Save the Bay: Newport’s Very Own Aquarium

By: Katy Cassetta/Staffwriter

Located not far from Salve Regina University is the Save the Bay Aquarium and Exploration Center, a nonprofit organization whose mission is to protect and improve Narraganset Bay. The aquarium’s purpose is not just entertainment but education. Its goal is to inform people about the different species in the Bay through the exhibits there.

The exhibits are rotated as animals are brought into the aquarium or released back into the wild, and the newest exhibit is a blue lobster of which there are only one in a million. Among the different exhibits are also three touch tanks. One includes urchins, spider crabs and starfish. The second has skates and horseshoe crabs. The third and final tank has chain dogfish sharks that were raised in the aquarium.

All the animals are species that can be found in Narragansett Bay, and most of them are caught by fishermen, science facilities, or the staff at Save the Bay themselves. Some of the sharks and skates, however, are not caught but instead raised in the aquarium having been hatched from eggs laid by the older female sharks and skates there. After six months to two years, depending on the individual, the sharks and skates are released into the wild. This is done both so that they can help repopulate in the wild and so that they do not spend the rest of their lives in captivity.

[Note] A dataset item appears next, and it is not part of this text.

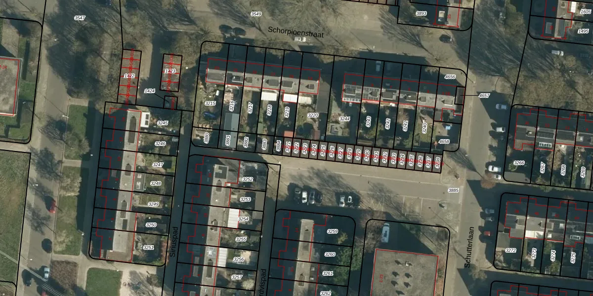 Schutterlaan 23-G02 is gelegen op kadastraal perceel WSL01C3222. Deze kadastrale aanduiding is uniek en wordt gebruikt door het Kadaster om eigendomsrechten en andere zakelijke rechten vast te leggen. Het perceel maakt onderdeel uit van de kadastrale gemeente Woensel.

Save The Bay’s newest inhabitant is a rare, one-in-a-million blue lobster.

Save the Bay does not want to keep these animals in a tank their whole lives, and so they wait until the sharks and skates are ready to release them. In fact, most of the animals stay at the aquarium for a year on average before being released back into the wild.

Not all the animals can be released, however. Some, like the diamondback terrapin, a species of turtle, are endangered. Save the Bay has permission to keep them to educate people about endangered species and protect this species. They have two diamondback terrapins, a female and male, and the male was born without the top part of his beak. Another permanent resident is Bowser, a turtle with six toes instead of the usual five.

The aquarium also keeps some invasive species to prevent them from doing harm in the wild and to educate people about the dangers of invasive species. Save the Bay has an exhibit of green crabs which are a huge problem in Narragansett Bay, and this exhibit brings people’s attention to this problem and prevents the green crabs here at the aquarium from adding to the problem.

 

Along with protecting endangered species and preventing invasive species from doing harm, the aquarium rescues what are called gulf stream orphans. These are animals washed in from tropical areas by the gulf stream who cannot survive the winters up here due to the cold.

Save the Bay is located not far from Salve Regina, the address being Easton’s Beach 175 Memorial Blvd. Admission is only $8.00 and the hours from Labor Day to Memorial Day are Friday to Sunday 10 a.m.-4 p.m. It is worth a visit both to see the animals there and to support the aquarium in their mission.